Key concepts
A short glossary of the terms used throughout SES.
Geometry
- Slab — a load-bearing area. Loads applied to a slab are distributed to the supports around and beneath it.
- Beam / wall / column — supports that collect load from slabs. Walls and columns carry load vertically down the building.
- Grid — reference lines for laying out and snapping geometry.
Loads
- Dead load (DEAD) — permanent self-weight of the structure and finishes.
- Live load (LIVE) — variable occupancy/usage load.
- Area / line / point loads — how a load is applied geometrically. Area loads (UDLs) are pressures over a region; line loads run along a member; point loads act at a node.
Analysis
- Tributary area — each support is assigned the slab region closest to it (a Voronoi-style partition). Loads in that region flow to that support.

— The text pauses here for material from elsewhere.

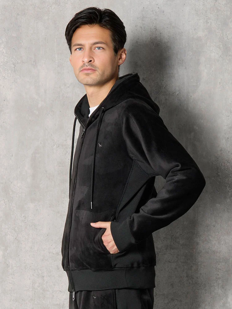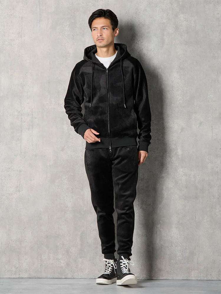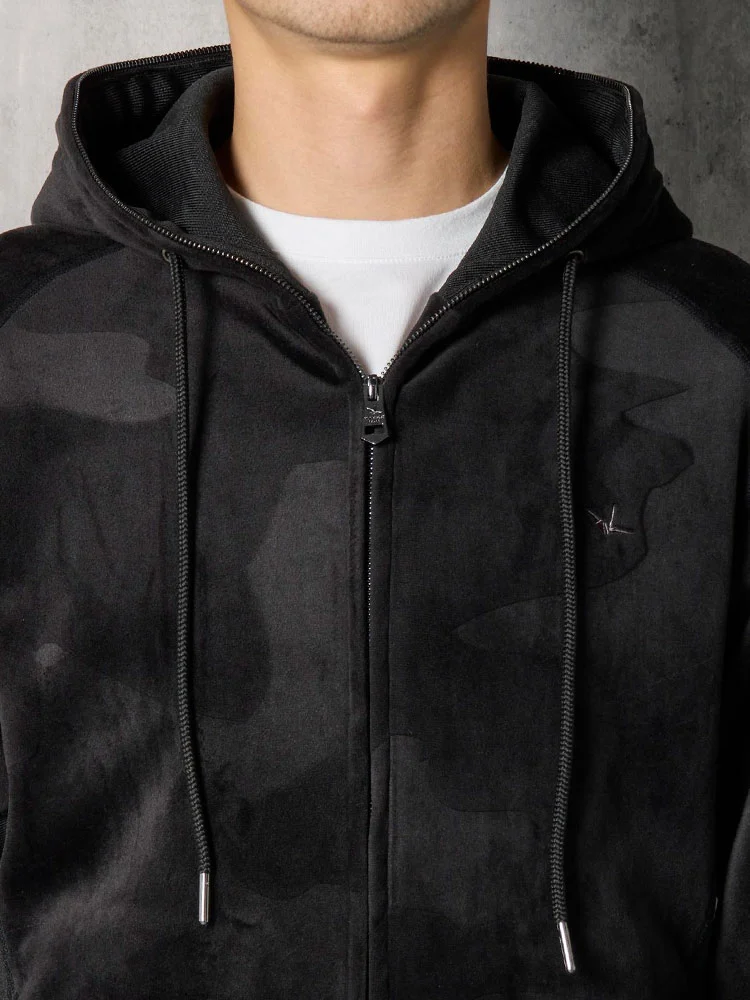 【1PIU1UGUALE3 RELAX】CAMO EMBOSSED ベロア フーディ 秋冬(ウノ ピゥ ウノ ウグァーレ トレ)
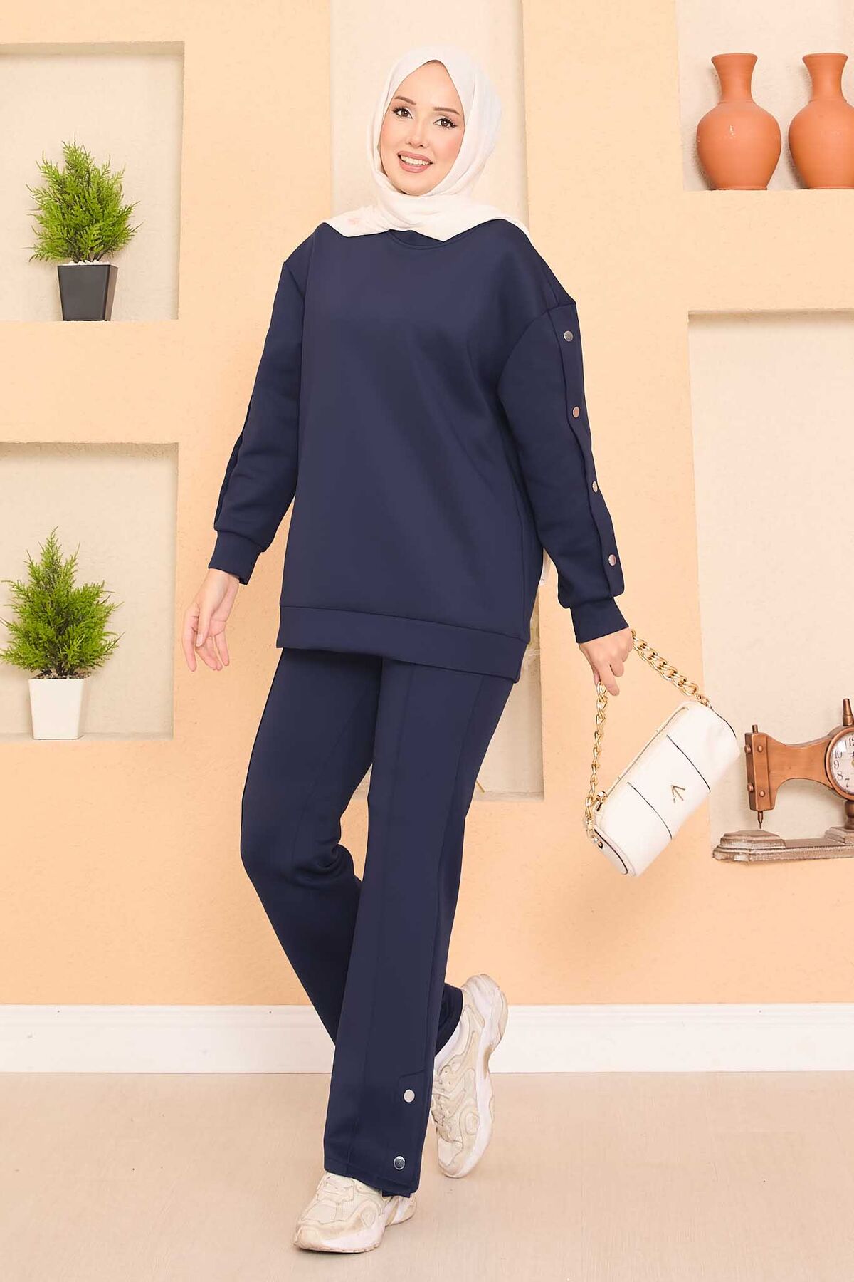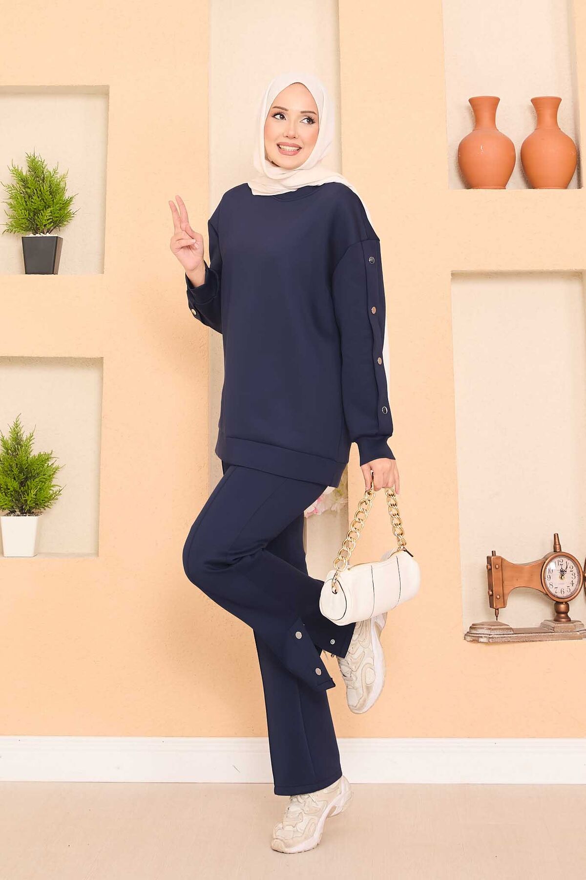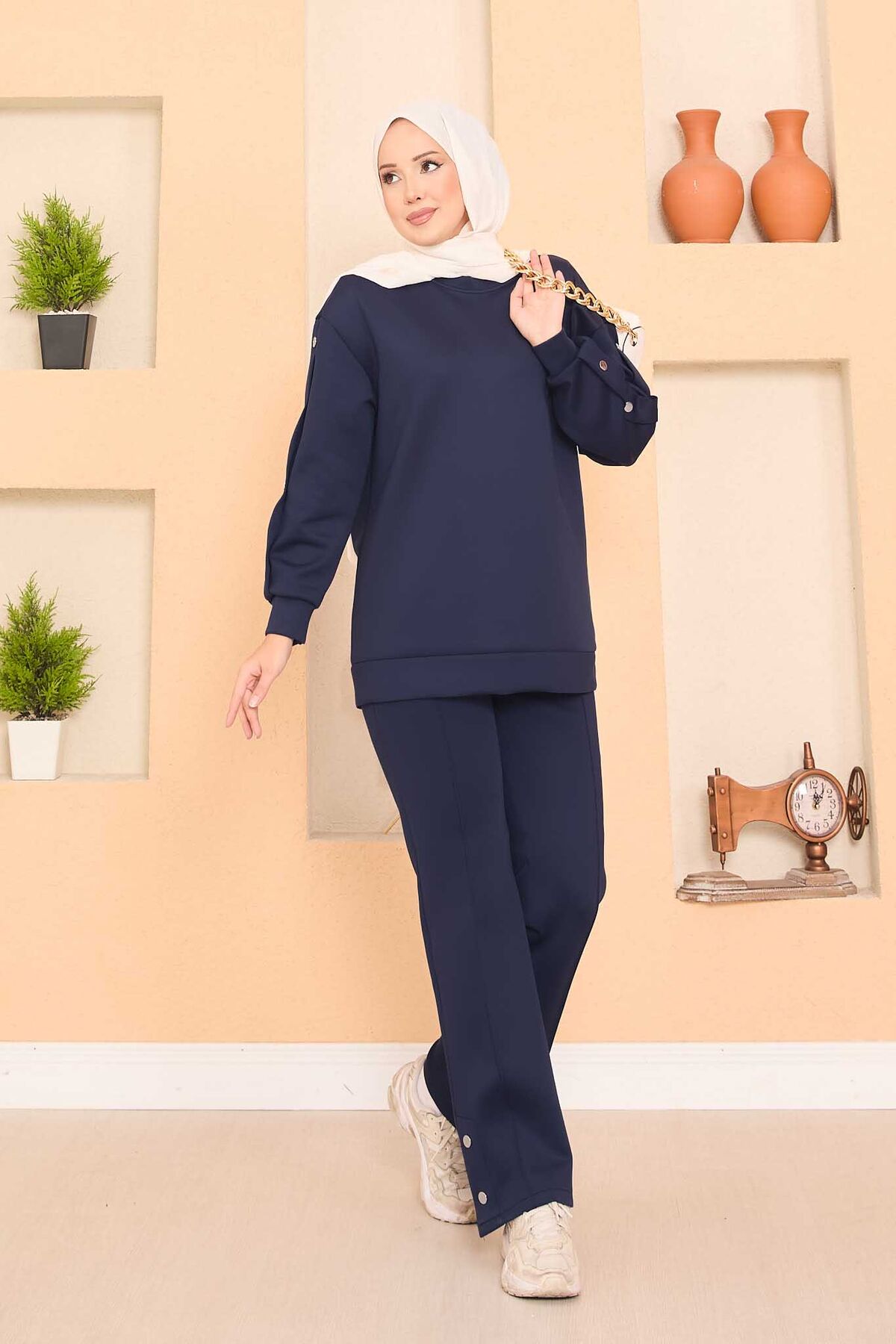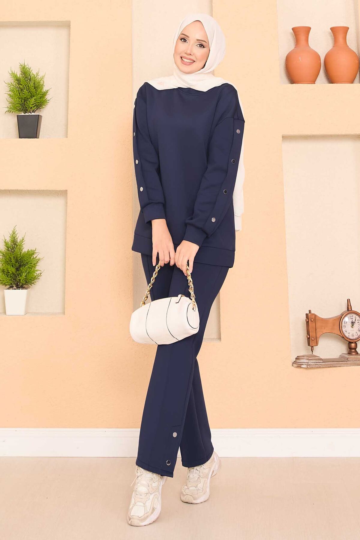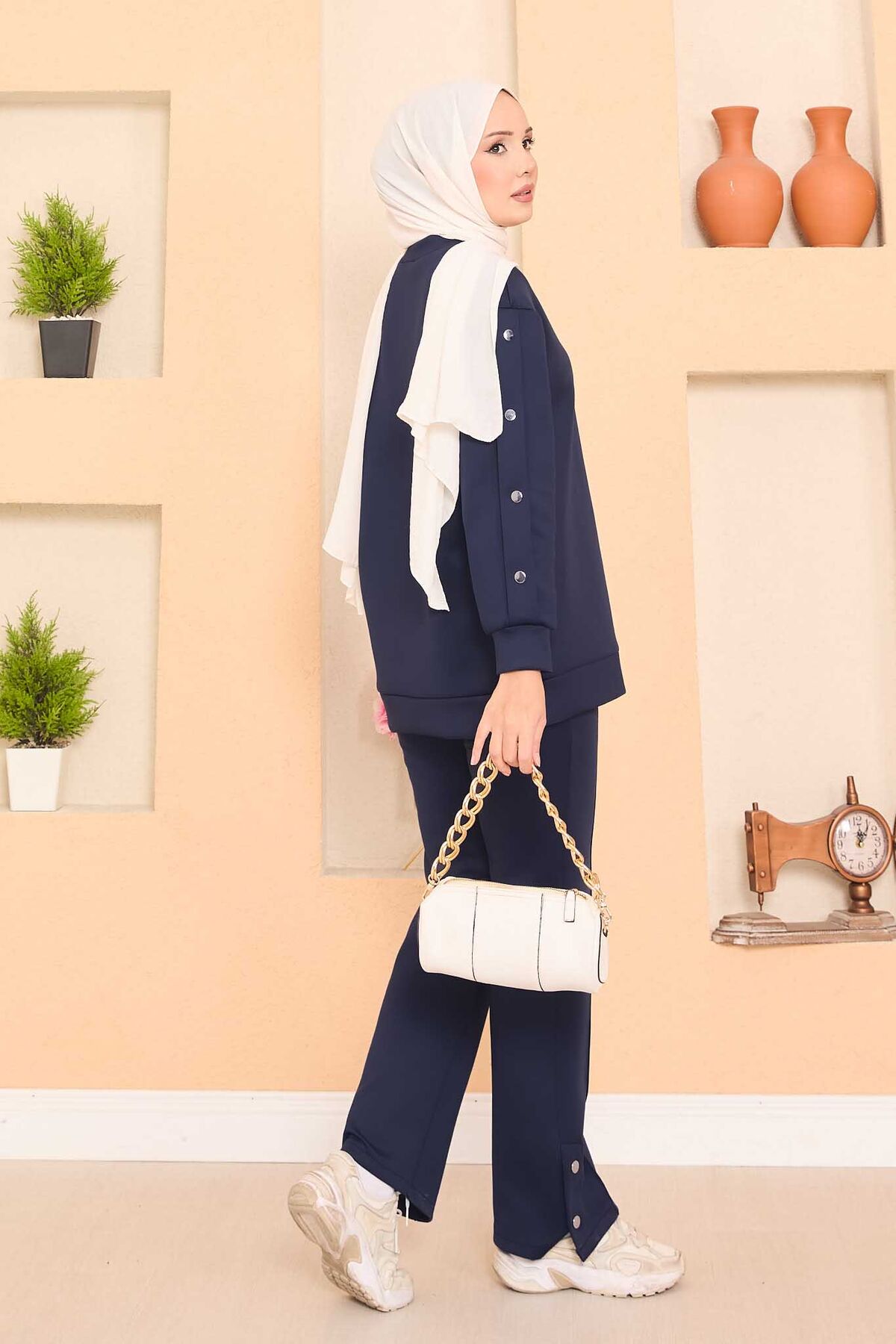 Yırtmaçlı Çıtçıt Detaylı Tesettür İkli Takım Lacivert

- FEM reactions — instead of a geometric partition, the slab is meshed and solved as finite-element plates (DKT triangles) to obtain support reactions. This captures stiffness effects a tributary partition cannot.
- Load run-down — accumulating reactions from each floor down through the supporting elements to the foundations.
When to use tributary vs FEM
Tributary is fast and intuitive for regular layouts. FEM is more accurate for irregular geometry, stiffness-sensitive layouts, and partial-area loads. SES can compute both and compare them side by side.